MANAGEMENT UPDATE.
COUNTIES FACE GROWING RESPONSIBILITIES
Facing a variety of funding, policy, and intergovernmental shifts, a new “pulse survey” at the National Association of Counties (NACo) found that 59 percent of respondents see county responsibilities expanding, while only 11 percent believed that county work has been reduced.
When asked about other levels of government, 43 percent said they perceived state responsibilities as expanding and 35 percent believed that to be the case for other local governments. As to the federal government, 27 percent saw its responsibilities as expanding and 52 percent believed they were being reduced.
The survey’s purpose, according to Teryn Zmuda, chief research officer and chief economist at NACo, was to help NACo understand pressures on service delivery, as well as the impact of federal and state policies. Responses came from 1,600 county leaders. (Also, please see Zmuda’s December guest column for this website, titled “Counties and the Big Shift.” )
Survey results were delivered at a NACo summit held on January 14, with NACo President J.D. Clark, County Judge in Wise County, Texas, setting the stage for a discussion of counties’ unique position “sitting at the intersection of policy development and practical implementation.”

The summit was an opportunity for leaders at NACo and representatives from a variety of counties to speak about the county role, the importance in having a seat at the table in policy discussions and access to more direct funding.
The summit included discussions of issues that NACo is advocating for in federal legislation including Surface Transportation Reauthorization and the FEMA Act.
In terms of transportation, Clark noted that counties own 44 percent of the roads in the U.S, 38 percent of bridges and 40 percent of public transit agencies. Rising costs and funding challenges are ongoing issues, and grant procurement is difficult particularly for smaller counties that lack professional grant-writing staff. Preserving and improving discretionary grant opportunities has been a priority, as is getting more direct resources to counties.

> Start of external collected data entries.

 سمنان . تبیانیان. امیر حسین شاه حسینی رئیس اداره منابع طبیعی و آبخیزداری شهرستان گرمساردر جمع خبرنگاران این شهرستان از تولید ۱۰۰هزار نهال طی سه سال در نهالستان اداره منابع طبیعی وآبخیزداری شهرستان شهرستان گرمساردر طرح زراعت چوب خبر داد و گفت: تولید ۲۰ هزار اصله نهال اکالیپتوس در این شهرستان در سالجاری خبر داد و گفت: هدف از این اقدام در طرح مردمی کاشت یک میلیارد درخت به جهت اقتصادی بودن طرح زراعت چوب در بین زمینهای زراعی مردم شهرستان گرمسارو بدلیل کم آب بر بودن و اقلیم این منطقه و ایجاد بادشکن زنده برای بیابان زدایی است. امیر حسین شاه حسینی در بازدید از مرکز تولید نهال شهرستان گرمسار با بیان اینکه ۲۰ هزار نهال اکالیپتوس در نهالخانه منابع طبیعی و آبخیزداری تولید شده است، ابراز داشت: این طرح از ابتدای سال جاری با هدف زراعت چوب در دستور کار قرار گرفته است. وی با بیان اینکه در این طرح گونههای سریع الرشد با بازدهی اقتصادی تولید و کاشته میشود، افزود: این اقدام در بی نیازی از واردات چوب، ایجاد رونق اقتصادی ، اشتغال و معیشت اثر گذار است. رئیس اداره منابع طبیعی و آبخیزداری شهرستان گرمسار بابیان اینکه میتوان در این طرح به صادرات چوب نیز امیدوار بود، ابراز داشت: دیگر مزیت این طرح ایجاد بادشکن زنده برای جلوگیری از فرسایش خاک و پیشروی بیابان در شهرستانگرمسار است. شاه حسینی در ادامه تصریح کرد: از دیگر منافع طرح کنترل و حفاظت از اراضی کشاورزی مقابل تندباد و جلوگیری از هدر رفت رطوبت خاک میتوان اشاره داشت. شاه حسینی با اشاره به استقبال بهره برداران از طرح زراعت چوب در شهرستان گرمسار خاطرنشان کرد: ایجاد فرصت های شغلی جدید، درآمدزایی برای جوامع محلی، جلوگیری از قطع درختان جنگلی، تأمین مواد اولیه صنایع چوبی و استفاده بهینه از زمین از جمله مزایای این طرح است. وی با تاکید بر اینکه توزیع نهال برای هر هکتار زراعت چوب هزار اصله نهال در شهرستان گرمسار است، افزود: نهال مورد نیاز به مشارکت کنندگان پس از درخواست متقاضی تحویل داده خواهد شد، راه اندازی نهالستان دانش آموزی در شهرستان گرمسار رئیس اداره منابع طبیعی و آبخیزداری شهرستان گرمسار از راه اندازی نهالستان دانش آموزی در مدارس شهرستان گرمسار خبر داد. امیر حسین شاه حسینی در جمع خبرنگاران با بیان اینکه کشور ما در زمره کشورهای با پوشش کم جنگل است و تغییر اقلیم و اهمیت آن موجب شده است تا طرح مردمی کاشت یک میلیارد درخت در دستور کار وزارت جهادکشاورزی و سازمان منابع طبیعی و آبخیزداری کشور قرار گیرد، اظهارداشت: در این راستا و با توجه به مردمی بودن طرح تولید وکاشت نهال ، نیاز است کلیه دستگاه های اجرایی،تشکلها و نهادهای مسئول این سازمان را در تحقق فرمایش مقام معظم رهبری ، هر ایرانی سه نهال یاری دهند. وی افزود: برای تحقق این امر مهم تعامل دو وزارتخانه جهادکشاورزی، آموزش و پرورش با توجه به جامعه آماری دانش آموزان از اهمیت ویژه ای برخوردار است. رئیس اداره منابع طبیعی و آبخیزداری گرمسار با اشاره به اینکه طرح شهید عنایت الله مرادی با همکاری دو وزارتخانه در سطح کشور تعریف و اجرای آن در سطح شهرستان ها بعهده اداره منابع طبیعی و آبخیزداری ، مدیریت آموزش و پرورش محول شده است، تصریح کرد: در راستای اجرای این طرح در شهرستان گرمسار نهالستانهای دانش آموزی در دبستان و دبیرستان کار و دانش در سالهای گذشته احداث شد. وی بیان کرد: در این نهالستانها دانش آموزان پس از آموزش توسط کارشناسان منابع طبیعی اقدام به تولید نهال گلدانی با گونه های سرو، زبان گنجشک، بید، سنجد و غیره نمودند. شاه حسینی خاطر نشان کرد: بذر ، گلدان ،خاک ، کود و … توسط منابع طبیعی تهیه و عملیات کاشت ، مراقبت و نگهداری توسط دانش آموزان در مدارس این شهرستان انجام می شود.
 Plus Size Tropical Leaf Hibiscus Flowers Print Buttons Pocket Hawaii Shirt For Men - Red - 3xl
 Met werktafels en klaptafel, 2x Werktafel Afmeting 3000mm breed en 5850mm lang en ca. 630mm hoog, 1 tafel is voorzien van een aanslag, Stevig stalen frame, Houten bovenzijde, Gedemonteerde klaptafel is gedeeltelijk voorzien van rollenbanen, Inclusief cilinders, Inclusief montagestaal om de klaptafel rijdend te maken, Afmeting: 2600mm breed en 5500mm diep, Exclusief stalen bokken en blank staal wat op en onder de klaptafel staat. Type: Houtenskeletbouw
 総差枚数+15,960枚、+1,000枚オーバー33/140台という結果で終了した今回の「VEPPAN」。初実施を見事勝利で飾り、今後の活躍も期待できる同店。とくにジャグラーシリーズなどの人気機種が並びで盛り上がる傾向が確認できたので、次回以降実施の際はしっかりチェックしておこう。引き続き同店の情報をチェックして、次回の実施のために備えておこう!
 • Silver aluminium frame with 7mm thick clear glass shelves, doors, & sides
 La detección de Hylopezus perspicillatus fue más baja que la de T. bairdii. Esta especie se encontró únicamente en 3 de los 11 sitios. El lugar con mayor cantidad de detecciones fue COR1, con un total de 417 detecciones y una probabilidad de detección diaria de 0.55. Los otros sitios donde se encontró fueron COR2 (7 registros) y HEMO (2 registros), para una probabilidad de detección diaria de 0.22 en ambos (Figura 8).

“The funding issue is front and center,” said Phillip Church, county administrator in Oswego County, New York. “It’s got to keep up with the costs. And being able to access federal funds directly would increase the resources that we have locally to do that.”
In the survey response, the intergovernmental handling of disaster response was also a critical concern, with Clark pointing out that close to a third of counties experienced a federally declared disaster in recent years. The FEMA Act has passed the House Transportation and Infrastructure Committee, and could represent a major overhaul of disaster response, but the content of the legislation still faces extensive discussion and debate.
NACo’s Intergovernmental Reform Task Force favors elements that are currently part of the legislation and are “designed to make disaster recovery faster, simpler and more responsive to the need of our communities,” said Jim Henderson, the executive director of the Kentucky Association of Counties.